(Records from a data source)
BEGIN
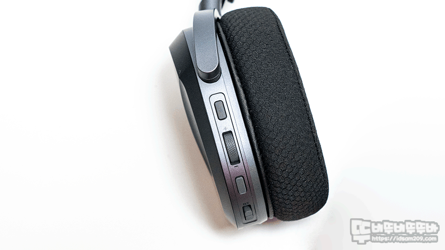 왼쪽 부분에 위치한 컨트롤 버튼 구조를 살펴보면 아래쪽에 USB-C 충전 및 유선 단자, 앞쪽에는 삼각형 몰딩으로 디자인된 붐 마이크 단자 뒤쪽으로 넘어오면서 2.4GHz/Off(유선사용)/블루투스 Tri-Mode 입력을 선택하는 셀렉트 스위치, 원버튼 블루투스 컨롤 버튼, 볼륨 다이얼, 마이크 On/Off 스위치 구성을 확인할 수 있고요.
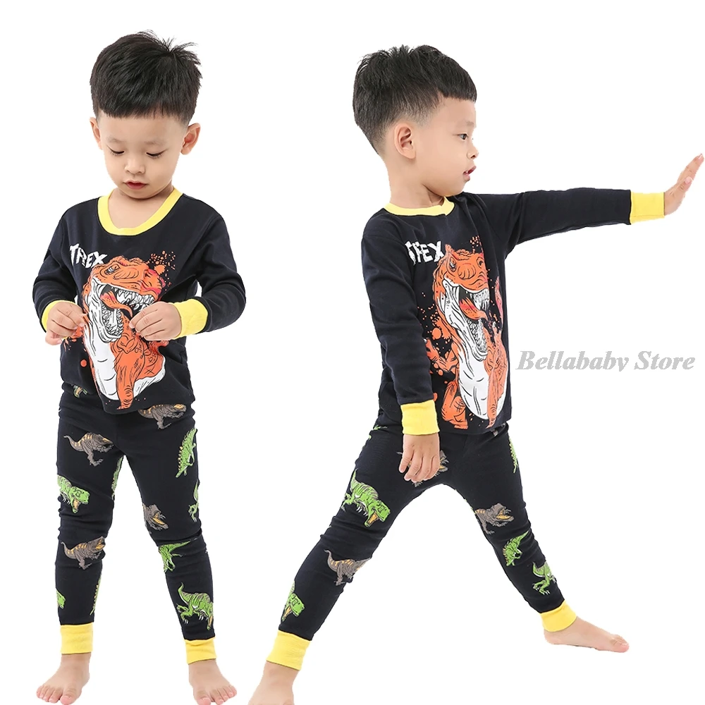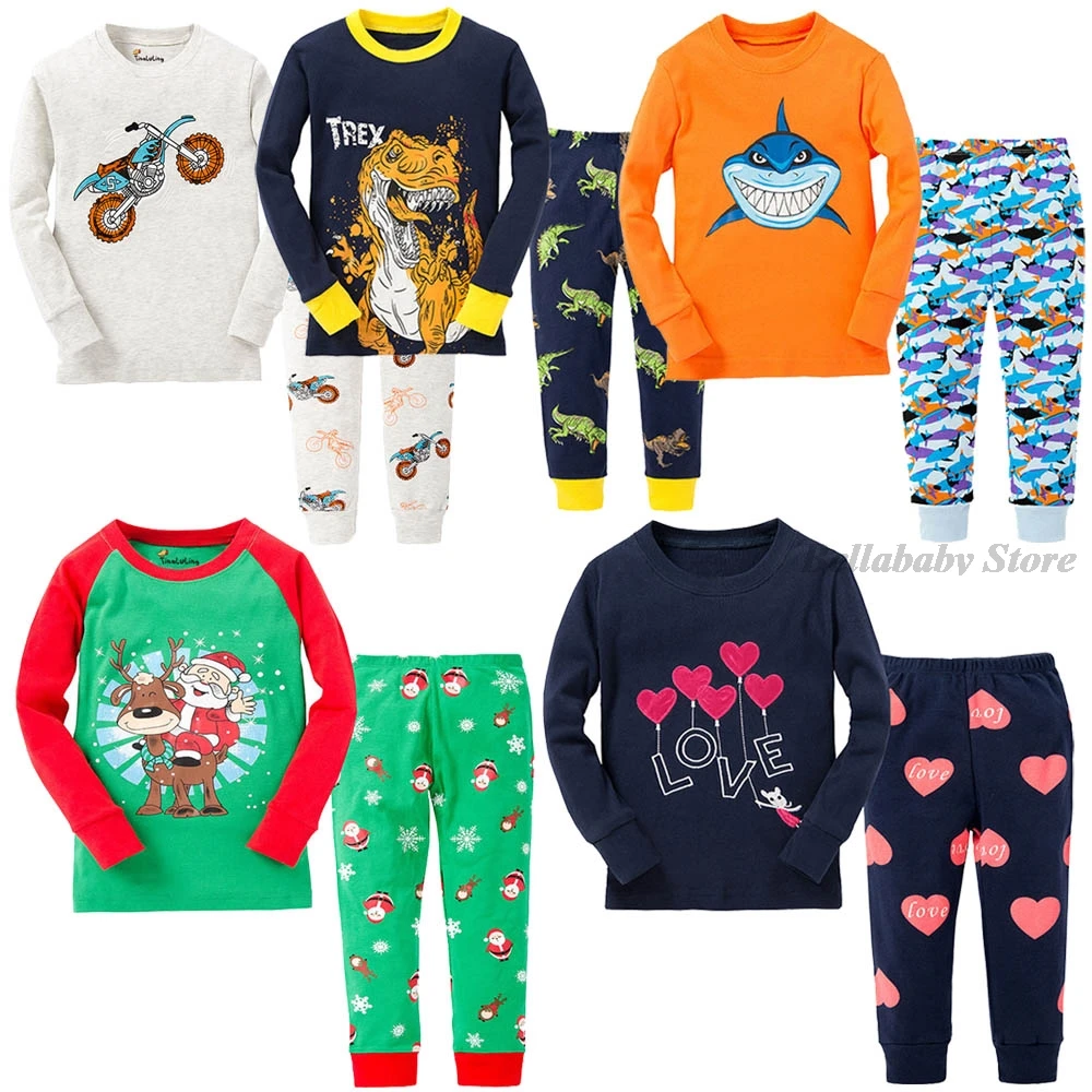 Детская одежда для сна для мальчиков, весенние хлопковые комплекты для маленьких девочек, детские пижамы с динозаврами, акулами, пижамы для мальчиков, детская одежда для сна, подростковая одежда
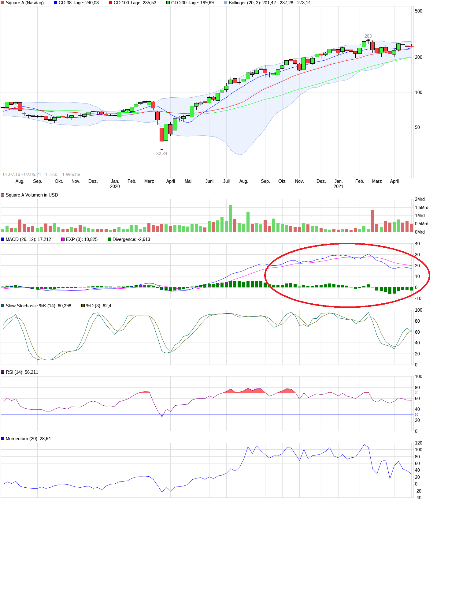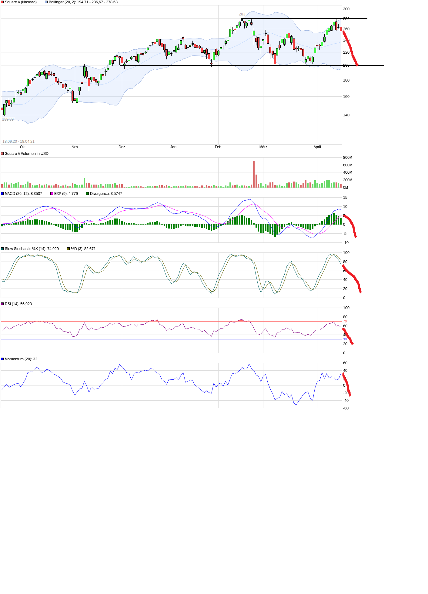 Durchaus mögliches Szenario. Gibt aber auch Argumente fürn ATH/breakout. Zahlen kommen am Anfang Mai und es könnte durchaus ein gutes Q gewesen sein. EPS est. der Wallst liegt bei $0,17 , m.M relativ moderate Hürde. USA im re-opening, gibt paar Grafiken auf Twitter die aufzeigen, dass die stimis in der jüngeren Altergruppe nicht undbedingt mehrheitlich in die Börse geflossen sind, sondern eher in den Konsum (goods, travel, food war vor invest und savings) Cash app ist weit verbreitet in der Altergruppe. Vielleicht sind noch paar Robinhooder nach dem S..storm zu Square gewechselt. etc. Zusammengefasst ich erwarte gute Zahlen.
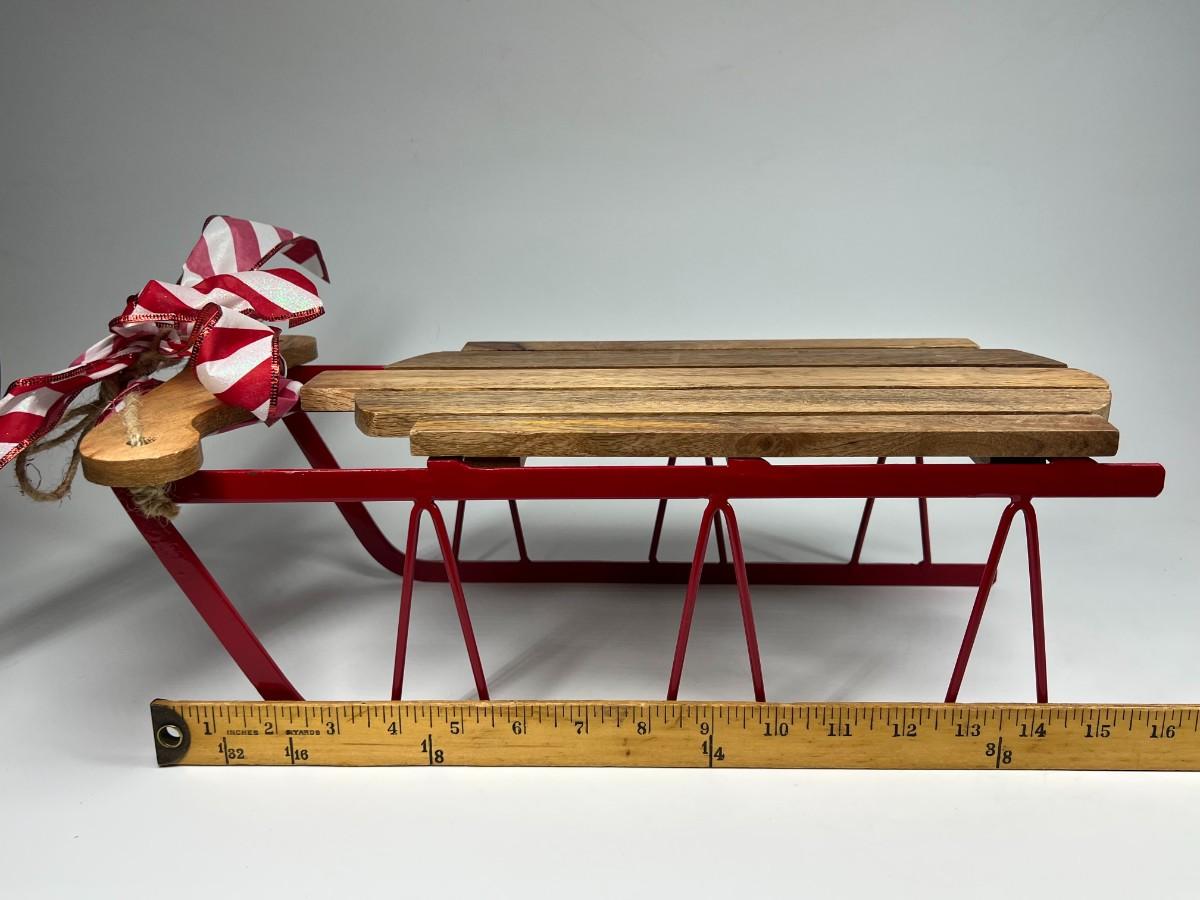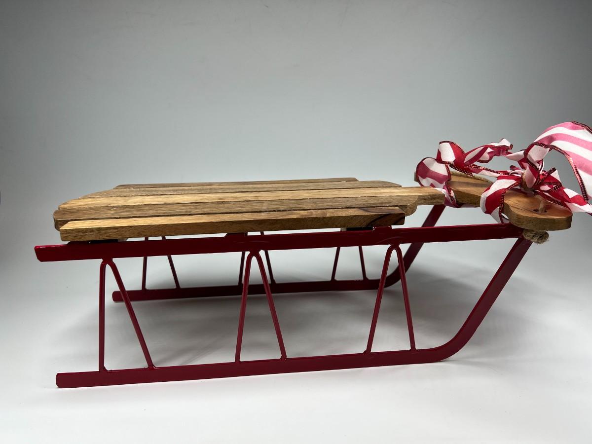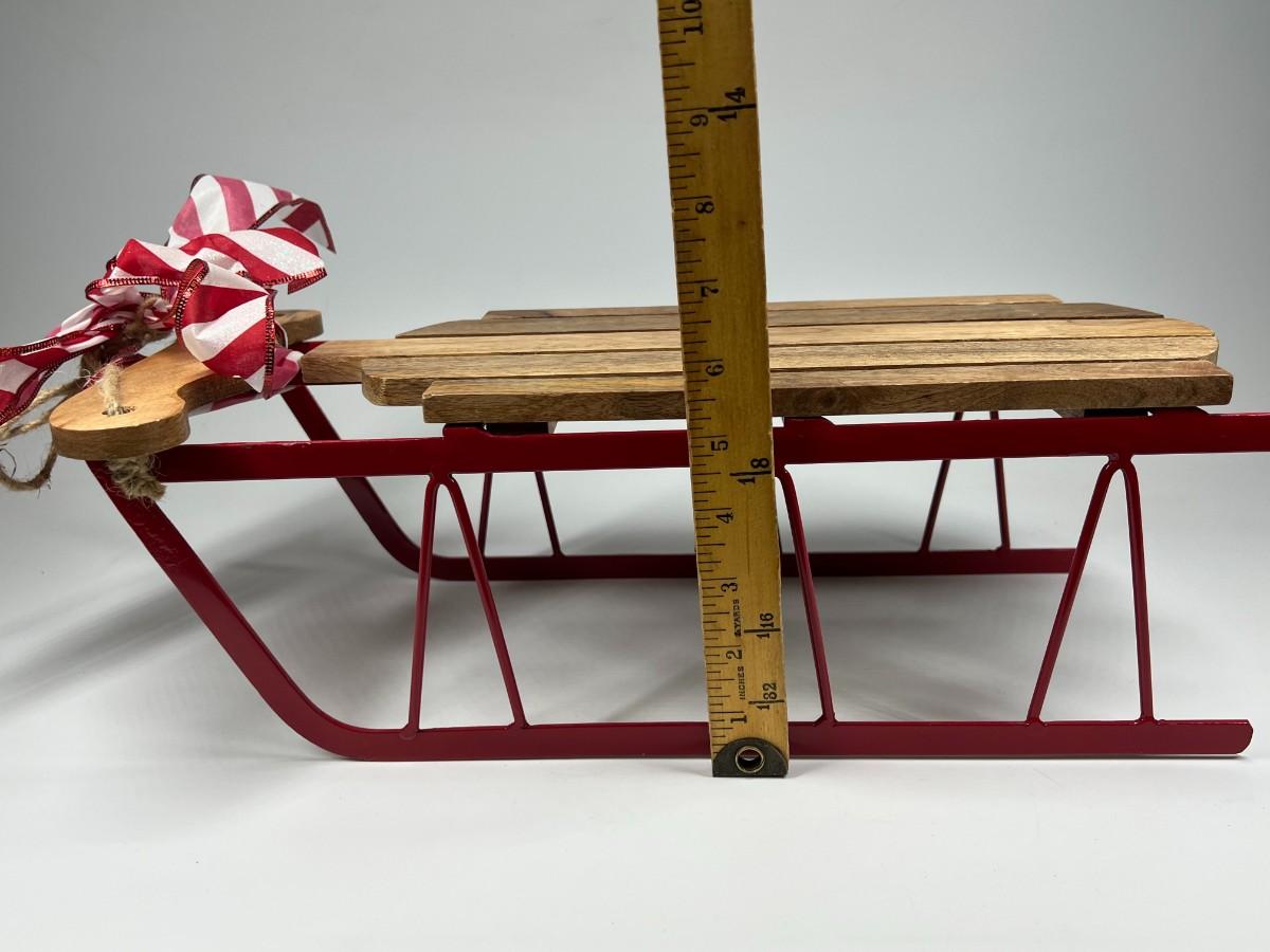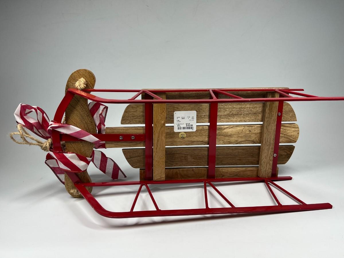 Holiday Christmas Home Decor Wood & Metal Snow Sled
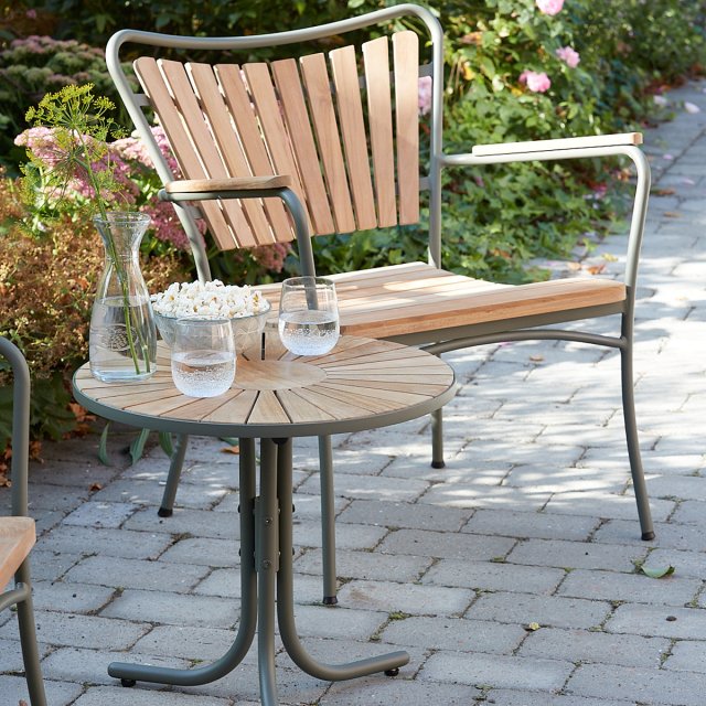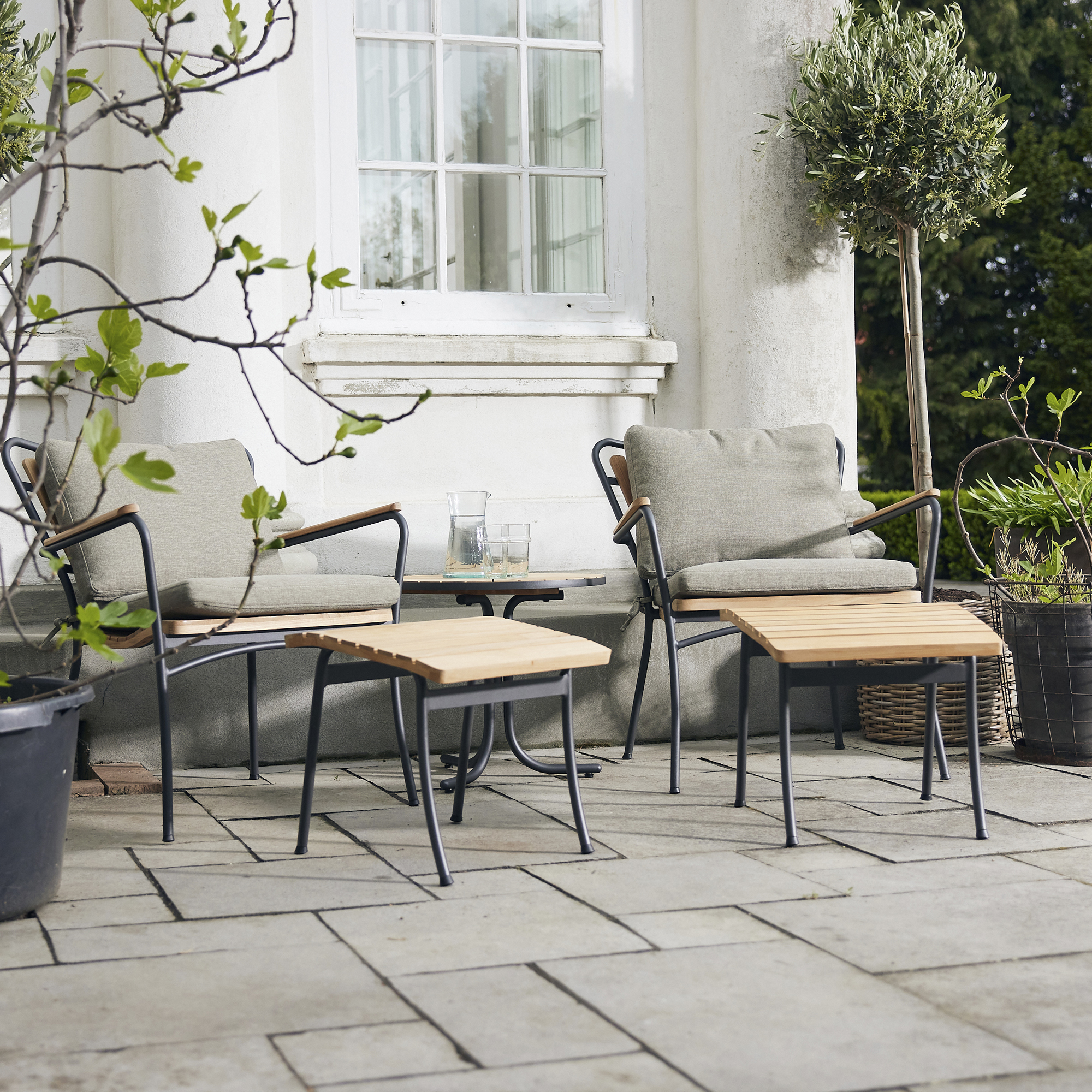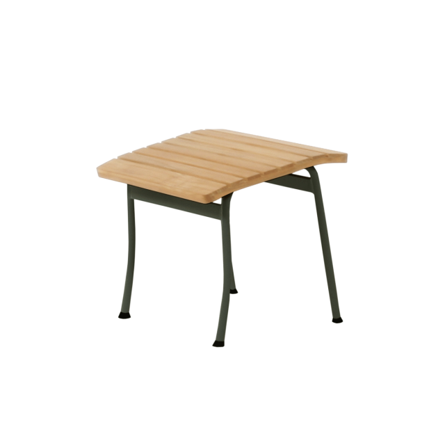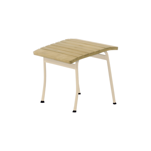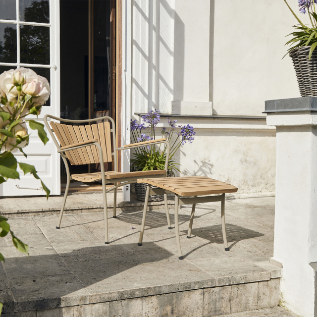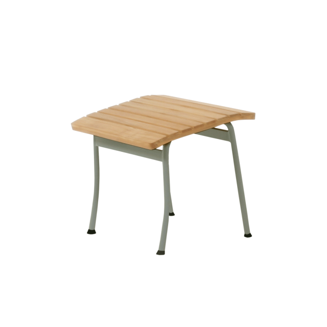 Skamlen er selvfølgelig fremstillet i bæredygtig indonesisk plantageteak og stel med kraftig og slidstærk pulverlakering.
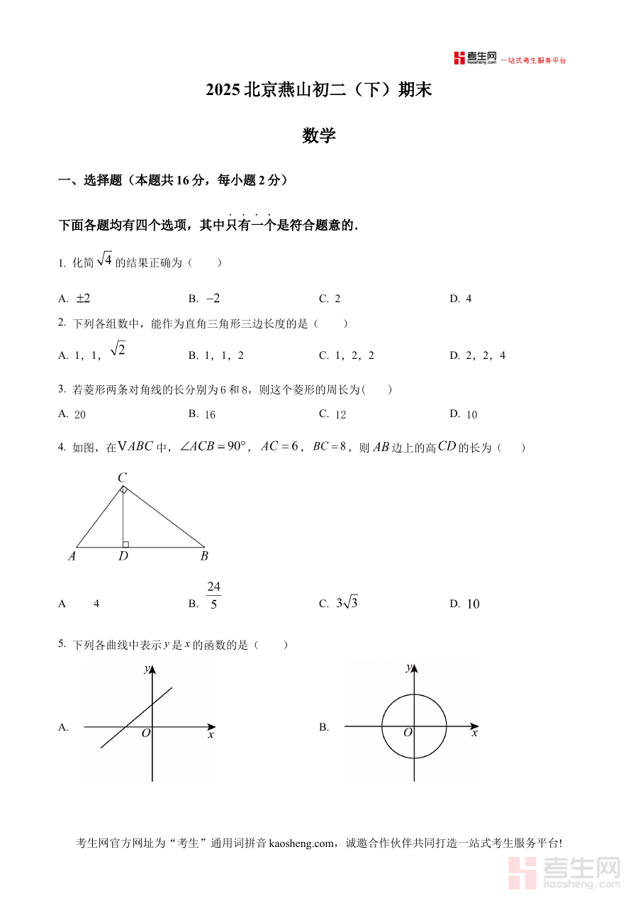 《精品解析:北京市燕山区2024-2025学年八年级下学期6月期末数学试卷(原卷版)》是针对北京市燕山区2024-2025学年八年级下学期6月期末数学考试的备考资料,聚焦该地区该学年八年级下学期期末阶段的数学学科检测需求,为相关教学及学习活动提供对应考试的原卷参考。
END
■ Your task: Repeat the records in full, exactly as they appear, without the pictures.

■ Completed task:
 왼쪽 부분에 위치한 컨트롤 버튼 구조를 살펴보면 아래쪽에 USB-C 충전 및 유선 단자, 앞쪽에는 삼각형 몰딩으로 디자인된 붐 마이크 단자 뒤쪽으로 넘어오면서 2.4GHz/Off(유선사용)/블루투스 Tri-Mode 입력을 선택하는 셀렉트 스위치, 원버튼 블루투스 컨롤 버튼, 볼륨 다이얼, 마이크 On/Off 스위치 구성을 확인할 수 있고요.
 Детская одежда для сна для мальчиков, весенние хлопковые комплекты для маленьких девочек, детские пижамы с динозаврами, акулами, пижамы для мальчиков, детская одежда для сна, подростковая одежда
 Durchaus mögliches Szenario. Gibt aber auch Argumente fürn ATH/breakout. Zahlen kommen am Anfang Mai und es könnte durchaus ein gutes Q gewesen sein. EPS est. der Wallst liegt bei $0,17 , m.M relativ moderate Hürde. USA im re-opening, gibt paar Grafiken auf Twitter die aufzeigen, dass die stimis in der jüngeren Altergruppe nicht undbedingt mehrheitlich in die Börse geflossen sind, sondern eher in den Konsum (goods, travel, food war vor invest und savings) Cash app ist weit verbreitet in der Altergruppe. Vielleicht sind noch paar Robinhooder nach dem S..storm zu Square gewechselt. etc. Zusammengefasst ich erwarte gute Zahlen.
 Holiday Christmas Home Decor Wood & Metal Snow Sled
 Skamlen er selvfølgelig fremstillet i bæredygtig indonesisk plantageteak og stel med kraftig og slidstærk pulverlakering.
 《精品解析:北京市燕山区2024-2025学年八年级下学期6月期末数学试卷(原卷版)》是针对北京市燕山区2024-2025学年八年级下学期6月期末数学考试的备考资料,聚焦该地区该学年八年级下学期期末阶段的数学学科检测需求,为相关教学及学习活动提供对应考试的原卷参考。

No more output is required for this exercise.